The dataset we’ll work with contains health statistics from 768 people belonging to the Pima Native American ethnic group. Our objective is to model the effect of an individual’s plasma glucose level on whether that individual contracts diabetes. The above scatterplot shows the plasma glucose levels of individuals with and without diabetes. At a glance, we can see that some relationship exists, where higher levels of plasma glucose are indicative of having diabetes. Note that while the x-axis is numeric in the scatterplot, the y-axis is categorical. This means we’ll need to apply a transformation before we can encode this relationship numerically. Rather than relating glucose levels directly to true/false values, we model the probability of diabetes as a function of plasma glucose. Speaking in terms of probability is appropriate because, as we can see in the above graph, there is no clear-cut threshold on plasma glucose beyond which we can say a person will have diabetes. Most individuals with plasma glucose below 80 mmol/L do not have diabetes, while most with levels above 180 mmol/L have diabetes. Within that range however, there is a significant amount of overlap. We need a way to express this interval of fuzziness flanked by two zones of certainty. For this purpose, we’ll use a function called the logistic function.

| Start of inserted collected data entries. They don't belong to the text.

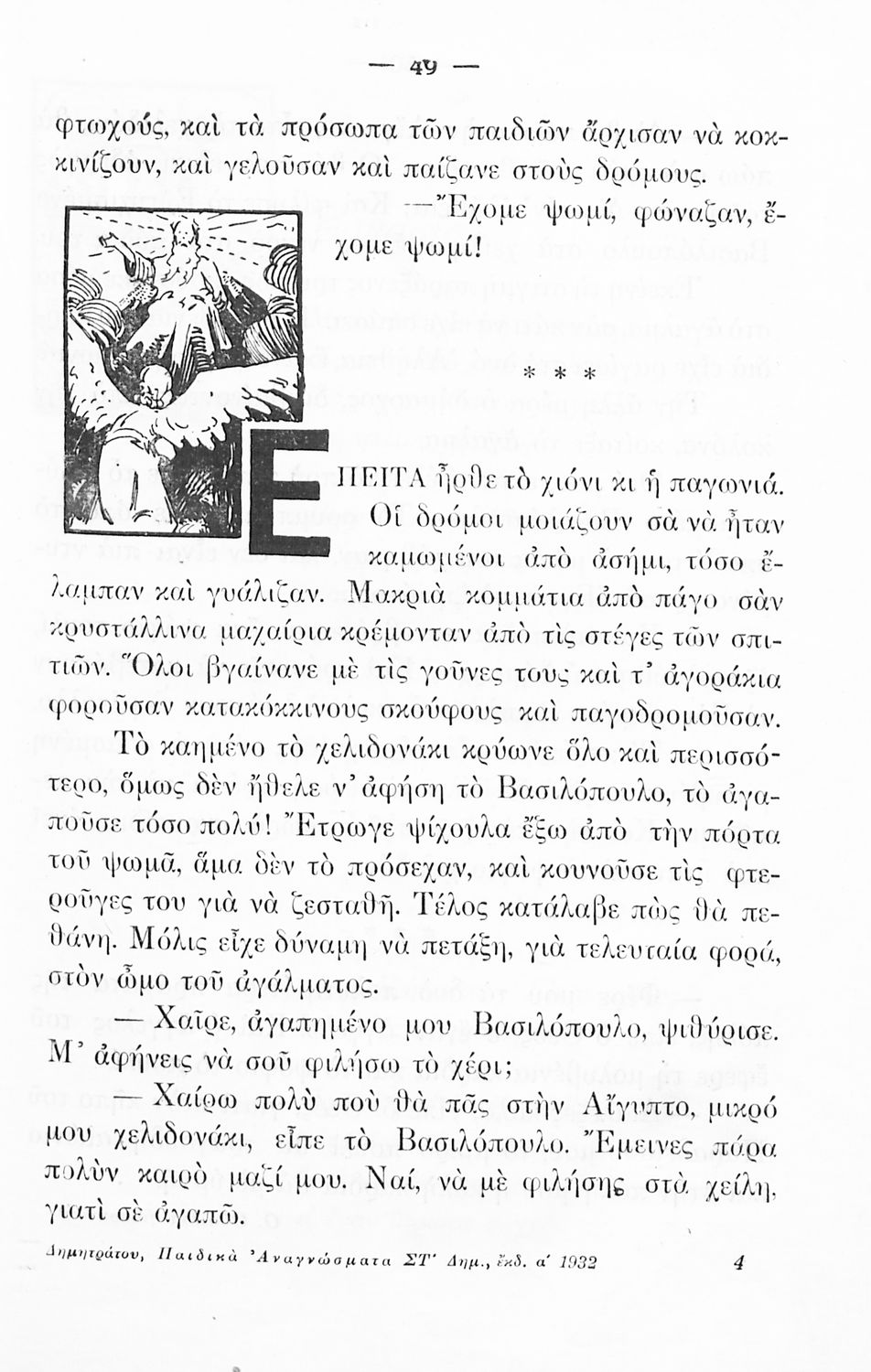 Αναγνωστικό της Δ΄ Τάξης Δημοτικού για το μάθημα της Γλώσσας. Περιλαμβάνει αφηγηματικές ιστορίες με ηθικό περιεχόμενο. Περιέχει εικόνες, οι οποίες οπτικοποιούν τα κείμενα και βοηθούν στη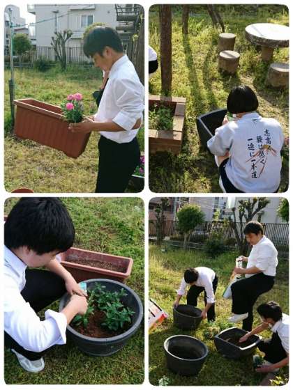 お花は正門付近に色合いを考えてきれいに並べてくれました。登校してきたらまず目にすることができ、心安らぐのではないでしょうか。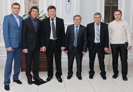 На совещании в Курске: (слева направо) Евгений, Александр и Евгений Сяпуковы, Вячеслав, Петр Салюкины и Алексей Романов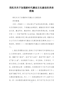 局机关通过强化教育引导、完善制度建设、加强监督制约、深化作风建设推进新时代廉洁文化建设。下面是小编为您整理的局机关关于加强新时代廉洁文化建设的具体措施范例,仅供参考,希望对您有所帮助。

In this single-predictor example, our regression function is characterized by only two parameters: the slope of the transition and where the transition point is located along the x-axis. Fitting a logistic regression is simply learning the values of these parameters. The ability to encapsulate the model in only two numbers is one of the main selling points of logistic regression. Check out these slides from the Valencian Summer School in Machine Learning 2016 for more details and examples.

Having said that, in this first post we won’t go too deep into Logistic Regression. Sometimes simplicity is the key to understand the basic concepts:

  • The aim of a Logistic Regression is to model the probability of an event that occurs depending on the values of the independent variables.
  • A Logistic Regression estimates the probability that an event occurs for a randomly selected observation versus the probability of this event not occurring at all.
  • A Logistic Regression classifies observations by estimating the probability that an observation is in a particular category.

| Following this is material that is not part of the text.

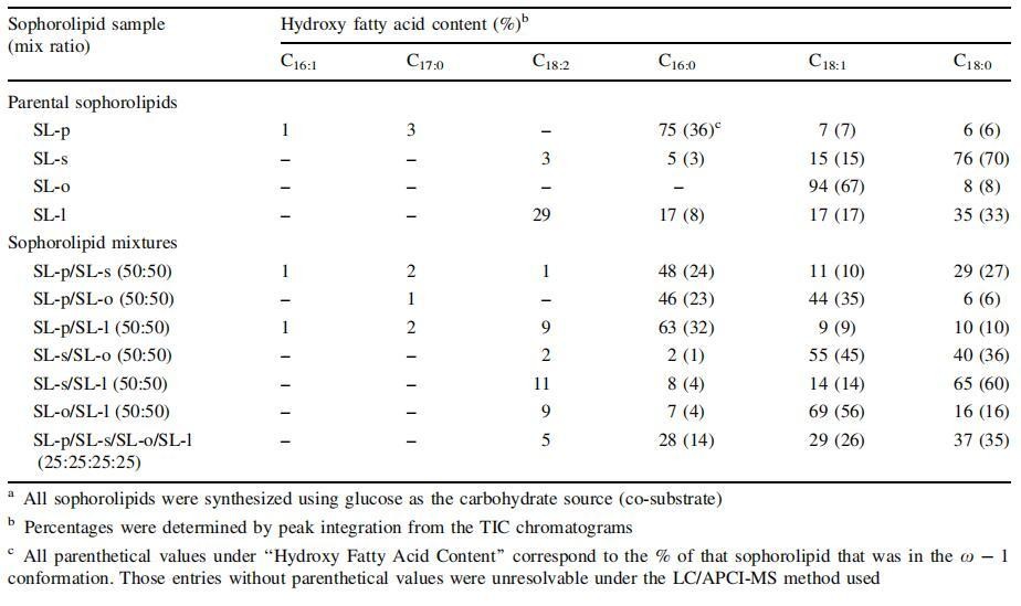 表1:通过LC/APCI MSa测定的由C.bombicola从棕榈酸(SL-p)、硬脂酸(SL-s)、油酸(SL-o)、亚油酸(SL-l)酸生产的槐脂的结构含量(开链与内酯)
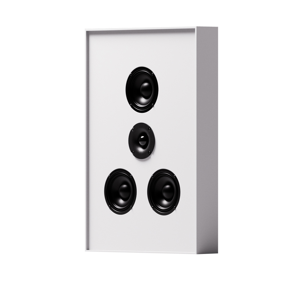 Diffusore profile on-wall 2 vie con triplo woofer. Risposta in frequenza 59 Hz 20 kHz con sensibilità 88 dB ed impedenza 4 ohm. Amplificazione raccomandata 120 W. Colore: bianco. Dimensioni (LxAxP): 39x56x9 cm.

These videos from Brandon Foltz offer a deeper dive into the essence of Logistic Regression:


Want to know more about Logistic Regression?

Don’t miss our next posts, and of course, join our free live webinar next Wednesday, September 28, 2016 at 10:00AM US Pacific Time (Portland, Oregon / GMT -08:00) / 7:00 PM CET (Valencia, Spain. GMT +02:00). Register now as space is limited!

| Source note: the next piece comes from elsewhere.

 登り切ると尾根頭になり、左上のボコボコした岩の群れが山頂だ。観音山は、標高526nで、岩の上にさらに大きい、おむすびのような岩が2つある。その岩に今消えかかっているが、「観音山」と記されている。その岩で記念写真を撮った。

BigML Summer 2016 Release and Webinar: Logistic Regression and more!

BigML’s Summer 2016 Release is here! Join us on Wednesday, September 28, 2016 at 10:00AM US Pacific Time (Portland, Oregon / GMT -08:00) / 7:00 PM CET (Valencia, Spain. GMT +02:00) for a FREE live webinar to learn about the newest version of BigML. We’ll be diving into Logistic Regression, one of the most popular supervised Machine Learning methods for solving classification problems.


Last Fall we launched Logistic Regressions in the BigML API to let you easily create and download models to your environment for fast, local predictions. With this Summer Release, we go a step further by bringing Logistic Regression to the BigML Dashboard. This new and intuitive Dashboard visualization includes a chart and a coefficients table. The former lets you analyze the impact of an input field in the objective field predictions, whereas the table shows all the coefficients learned for each of the logistic function variables, ideal for inspecting model results and debugging tasks.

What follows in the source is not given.